§ ASSIGNMENT: The first line of the entries is where the copy starts and the line with "ext4で再マウントします。# df -Th以下のように「/dev/vdb」がマウントされていないことを確認します。" is where it ends; set down each line exactly, both ends included, and drop pictures.

━━━ EXCERPTED RECORDS

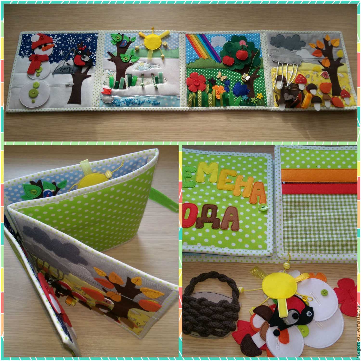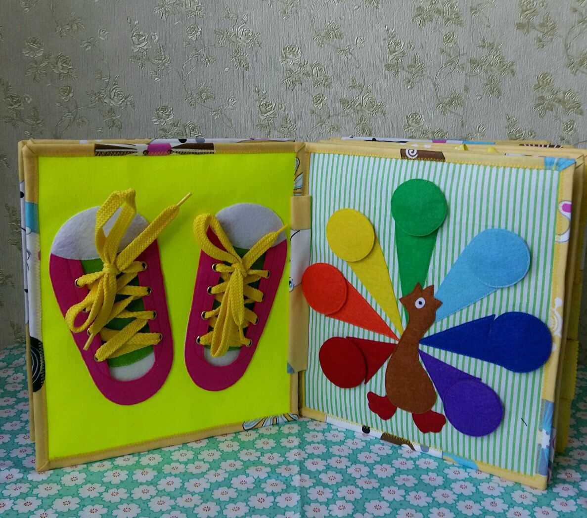 Как сделать: Вырежи несколько отрезов разноцветной ткани 20х40 см (либо того размера, какие хочешь страницы). Укрась их буквами или детальками из фетра, фигурками на липучках, молниями, кнопками, мехом, перьями, кисточками, шнурками, бахромой и вязаными игрушками.
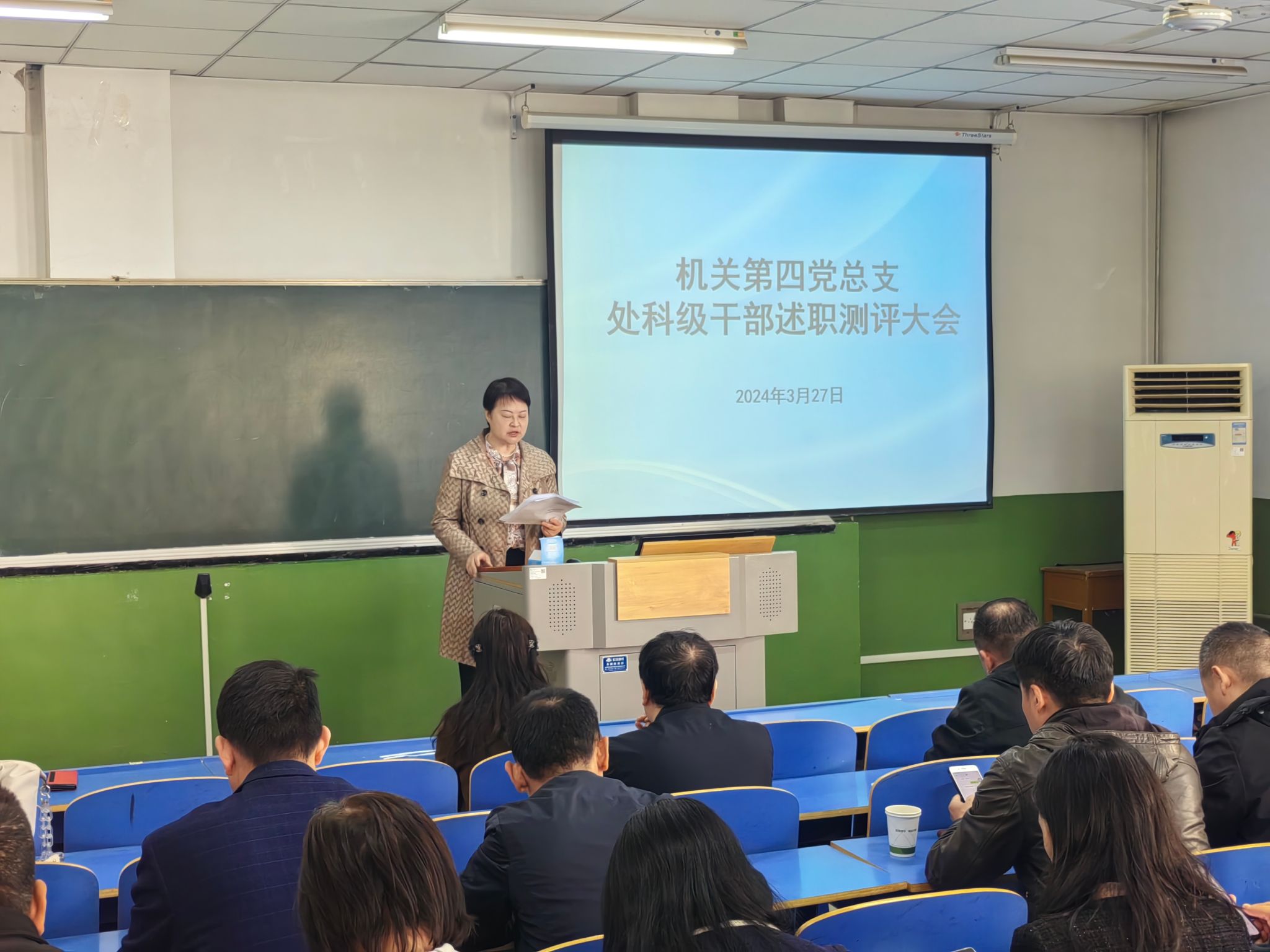 为了全面了解掌握干部履职尽责情况,进一步提质强能,根据西医党发〔2024〕10 号文件《关于开展 2023 年度综合考核工作的通知》相关要求,3月27日上午,机关第四党总支在含光校区综合楼二楼组织召开机关第四党总支及离退休党总支2023年度处科级干部综合考核工作。本次考核工作由机关第四党总支书记靳红樱主持,机关第四党总支全体处科级干部、教职工代表及离退休党总支全体处科级干部、教职工代表共计35人参加了考核测评工作。整个考核工作按照现场述职、集中测评程序开展。
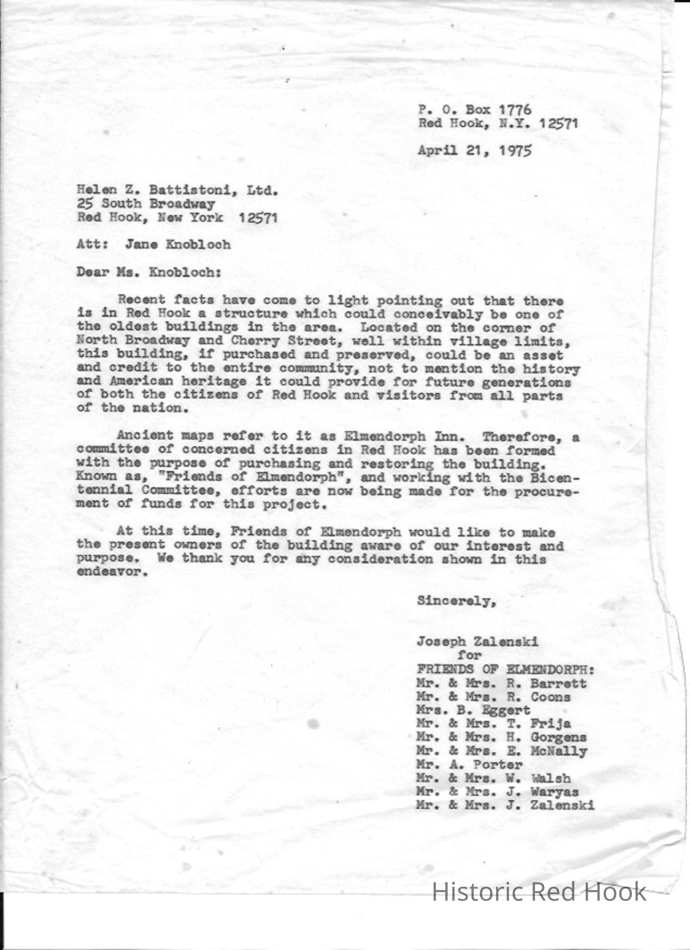 April 21, 1975 letter from Joseph Zalenski representing FOE, to Jane Knobloch at Helen Z. Battistoni's real estate office, about contacting Grand Union to mae them aware of FOE's interest in preserving the Elmendorph Inn.Collection
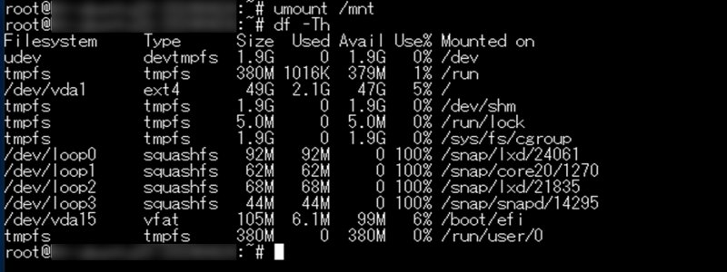 ext4で再マウントします。# df -Th以下のように「/dev/vdb」がマウントされていないことを確認します。
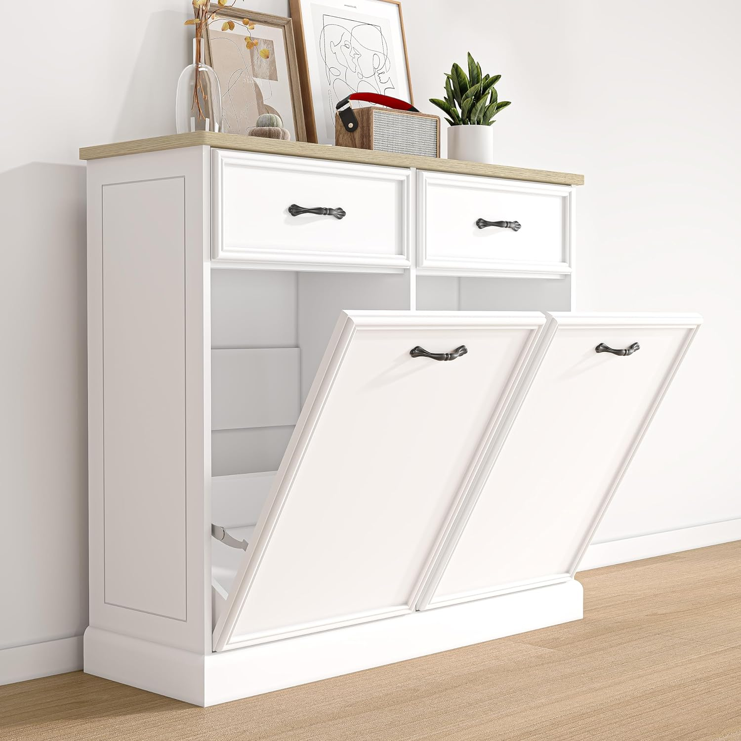 EASY WASTE DISPOSAL DESIGN – The tilt-out feature of this trash cabinet allows for effortless waste disposal. By simply tilting the front panel, you can easily access and dispose of trash, eliminating the need to lift heavy garbage bags or bins. Two pull-out drawers and compartments offers additional storage space for recycling bins or cleaning supplies.
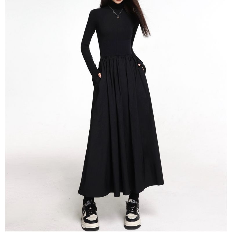 タートルネックニットワンピース 無地 マキシ丈 長袖 ニットワンピ シンプル ニットワンピース ニットワンピ
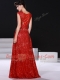 Red V-neck Neckline Sequins Prom Gown Sleeveless Zipper
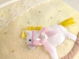 淡いイエローのフリース生地にレースを合わせ、
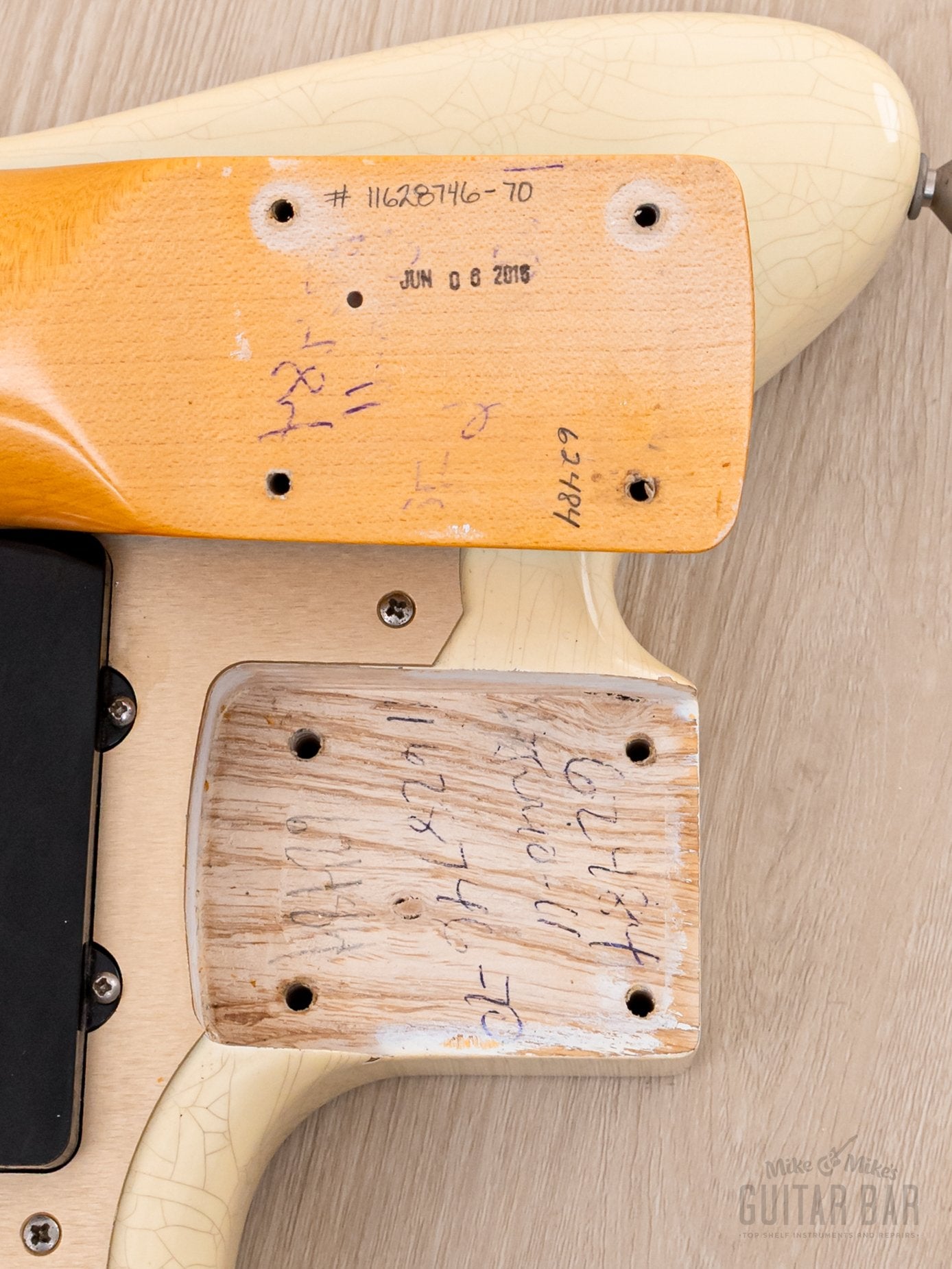 The Closet Classic relic treatment on the gloss Desert Sand nitro lacquer finish is designed to evoke the look of an instrument that has been carefully cased up for decades, exhibiting extensive “shattered glass” checking with sparingly little playwear. This is a well-kept example, with minimal wear beyond the factory aging, while the ambered nitro gloss on the neck profile is flawless.
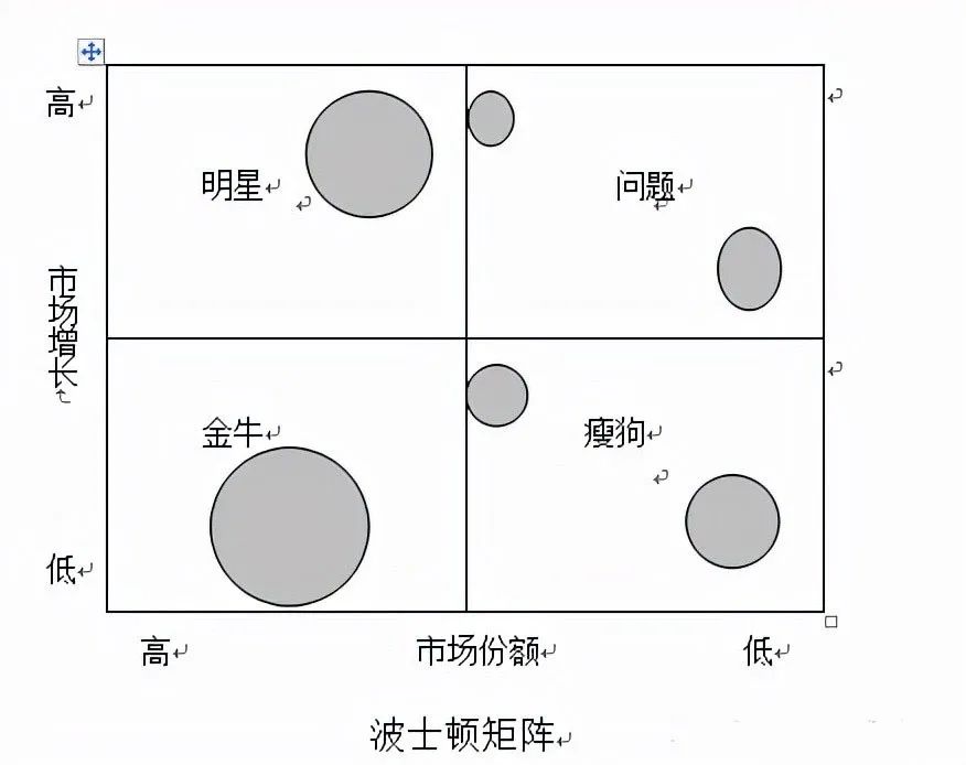 在低增长市场上具有相对高的市场份额的业务将产生健康的现金流,它们能用于向其他方面提供资金,发展业务。
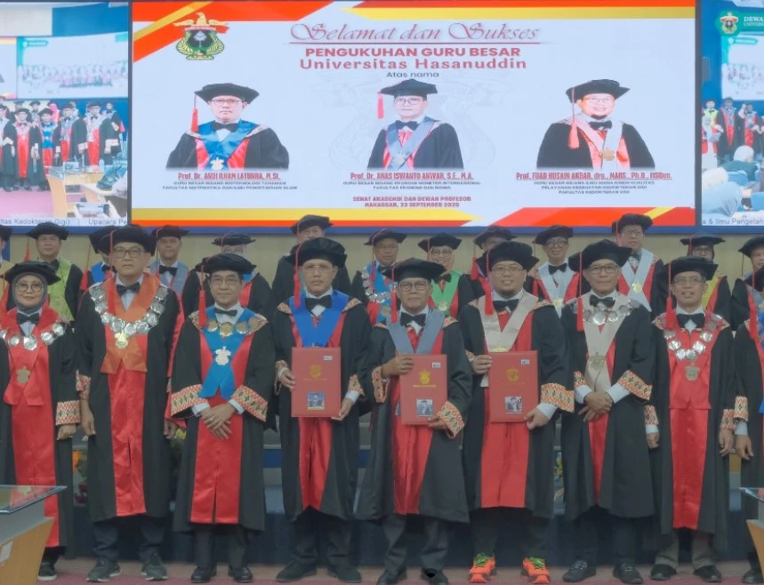 Proses pengukuhan dihadiri Rektor Unhas Prof Dr Ir Jamaluddin Jompa MSc, Ketua, Sekretaris, dan anggota Majelis Wali Amanat, Senat Akademik, Dewan Profesor, tamu undangan, serta keluarga besar dari tiga profesor yang dikukuhkan.
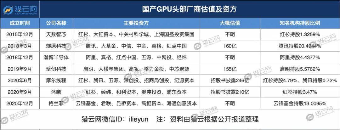 2020年,我国GPU进入创业高峰期,当前奔赴二级市场的7家公司中,就有摩尔线程、沐曦、格兰菲均成立于这一年。
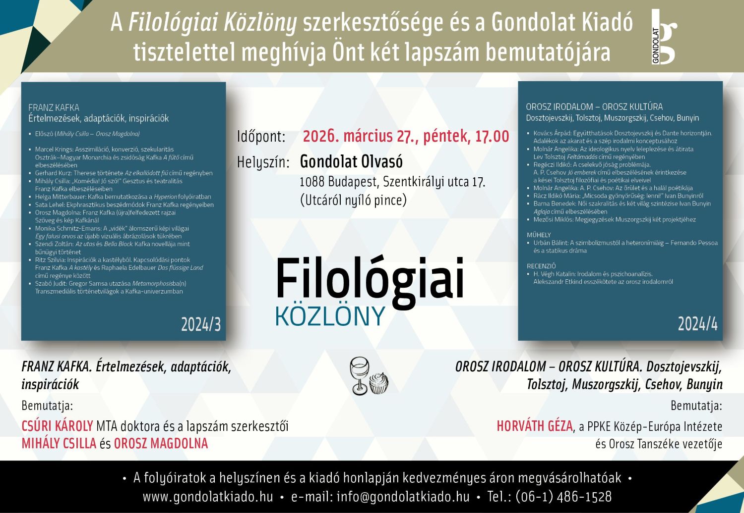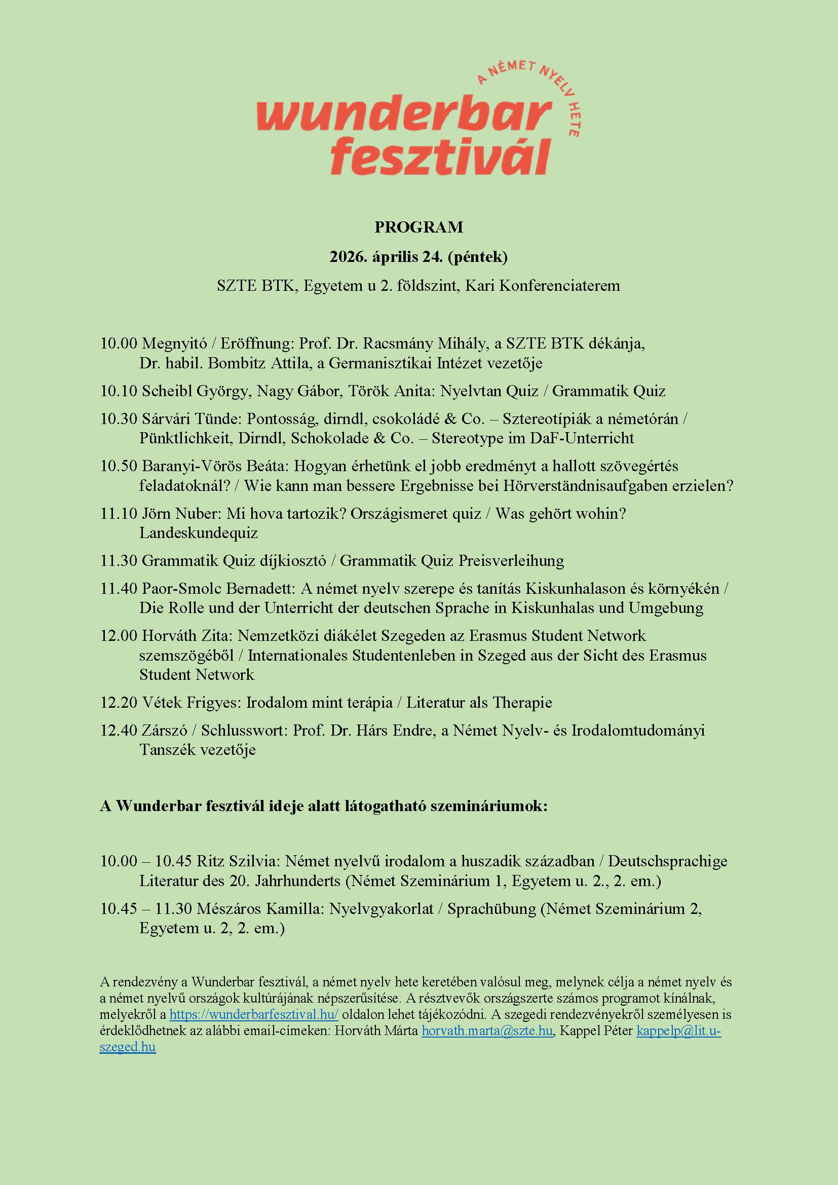 20.00-20.30 Osztrák-magyar irodalmi határjárás. Előadó: Dr. habil. Bombitz Attila

━━━━━━

§ ANSWER TO THIS EXERCISE:
 Как сделать: Вырежи несколько отрезов разноцветной ткани 20х40 см (либо того размера, какие хочешь страницы). Укрась их буквами или детальками из фетра, фигурками на липучках, молниями, кнопками, мехом, перьями, кисточками, шнурками, бахромой и вязаными игрушками.
 为了全面了解掌握干部履职尽责情况,进一步提质强能,根据西医党发〔2024〕10 号文件《关于开展 2023 年度综合考核工作的通知》相关要求,3月27日上午,机关第四党总支在含光校区综合楼二楼组织召开机关第四党总支及离退休党总支2023年度处科级干部综合考核工作。本次考核工作由机关第四党总支书记靳红樱主持,机关第四党总支全体处科级干部、教职工代表及离退休党总支全体处科级干部、教职工代表共计35人参加了考核测评工作。整个考核工作按照现场述职、集中测评程序开展。
 April 21, 1975 letter from Joseph Zalenski representing FOE, to Jane Knobloch at Helen Z. Battistoni's real estate office, about contacting Grand Union to mae them aware of FOE's interest in preserving the Elmendorph Inn.Collection
 ext4で再マウントします。# df -Th以下のように「/dev/vdb」がマウントされていないことを確認します。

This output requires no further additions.